Современная истинная наука опровергает и то и другое. Она утверждает, что Хайям не был ни суфием, ни правоверным мусульманином, но также не был ни гедонистом, ни скептиком. Он любил земную жизнь, стремился глубже ее понять и поставить науку на службу человеку, побольше взять у жизни, побольше наслаждаться ее благами.
Этическим идеалом его была личность вольная, свободомыслящая, чистой души философствующий человек. Главные черты этого человека - мудрость, любовь, жизнелюбие и бодрость. Эти качества неустанно на разный лад и воспевает Хайям в своих четверостишиях. Часто прибегая к образу вина, он превращает его в яркий символ жизнелюбия и веселья, в тайный язык жизнелюбов или же в стрелу, ранящую в самое сердце ханжей - духовенство, фанатиков и суфиев-мистиков. Он пьет, но это воспринимается читателем как протест против существующих в мире порядков, против властей, против всех видов духовного и физического угнетения, против бога, против своей эпохи, что собственно так и было.
Первое и главное достоинство автора «Заклинателя змей» и «Башни молчания» в том, что он правильно разобрался в сложной душе великого Хайяма и сумел показать его ярко и убедительно.

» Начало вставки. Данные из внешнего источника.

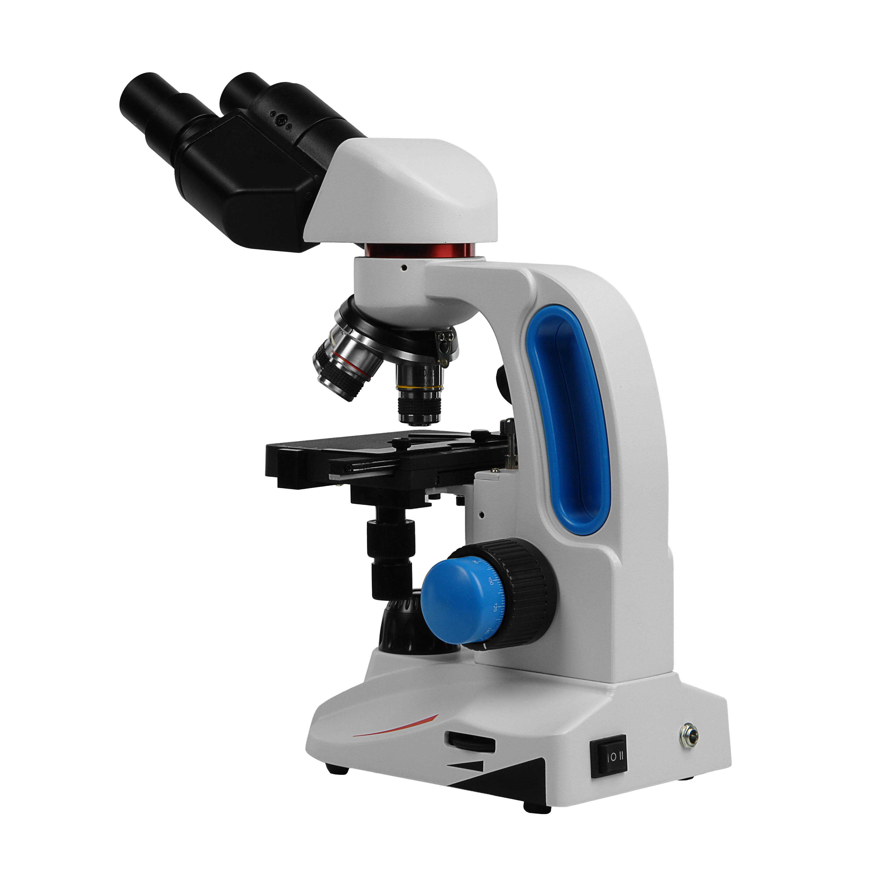 Осветитель проходящего света предназначен для исследования препаратов, пропускающих свет. Состоит из коллектора, светодиода белого спектра и конденсора. Упрощенная конденсорная конструкция осветителя особенно удобна для начинающих: конденсор не нуждается ни в центрировке, ни в регулировке диафрагмы, но при этом осветитель создает свет, позволяющий получать резкие изображения с высоким контрастом. Осветитель отраженного света используется для изучения образцов плохо или совсем не пропускающих свет. Этот осветитель эффективен только с объективами 4х и 10х.

Конечно, ильясовский Хайям не живет без вина и красоток, но это отнюдь, во-первых, не цель его жизни, во-вторых, его отношение к ним совершенно не то, чтобы можно было его упрекнуть в нечистоте намерений, в подлости души или хотя бы в склонности к пустым забавам или низменным чувствам. Он, наоборот, как странная и исключительная для своего века личность, пьет, но не одобряет вино: если привязывается к девушке, даже падшей, то привязывается к ней всем сердцем, высокими помыслами, чистой любовью и остается верен до конца дней своих этой любви (Как, например, к Ферузэ, Рейхан, Экдес) или же брезгливо отвергает их - Туркан Хатун, Сорейю.
И очень убедительно звучат слова в устах поэта: «Если кто-нибудь через сто или тысячу лет назовет меня беспечным гулякой, поэтом пьянчуг, пусть знает: я плюю ему в глаза! Отсюда, вот с этого места. Попадись он в наше время, посмотрели бы мы, что из него получилось».
Эти слова, вложенные в уста поэта писателем Явдатом Ильясовым, убедительны после описываемых в повестях событий и звучат в унисон со следующим четверостишием самого Хайяма:
Пусть пьяницей слыву, гулякой невозможным,
Огнепоклонником, язычником, безбожным -
Я верен лишь себе, не придаю цены
Всем этим прозвищам - пусть правильным,
пусть ложным.
Один из художественных исследователей Хайяма художник-чеканщик Вячеслав Сидоренко создал серию чеканных работ на темы четверостиший Хайяма, которые назвал созвездием.
В центре созвездия гигантская фигура - символическое изображение Омара Хайяма.
Мощная корневая система намертво связала человека с землей, нижняя часть его тела одеревенела и стала похожей на корявый ствол могучего дерева.
Человек зажат в узком пространстве, и тем сильнее мы ощущаем тяжкий гнет его жизненных обстоятельств.
Но, неукротимый, он тянется вверх, к звезде, стремится к ней на крыльях своей мечты, невзирая ни на что.
И если дотянется, обязательно подарит ее людям.
Сколько звезд-жемчужин подарил человечеству Хайям! Он мечтает и стремится к самому главному - к торжеству справедливости, к счастью людей на земле, при земной жизни, к самому заветному.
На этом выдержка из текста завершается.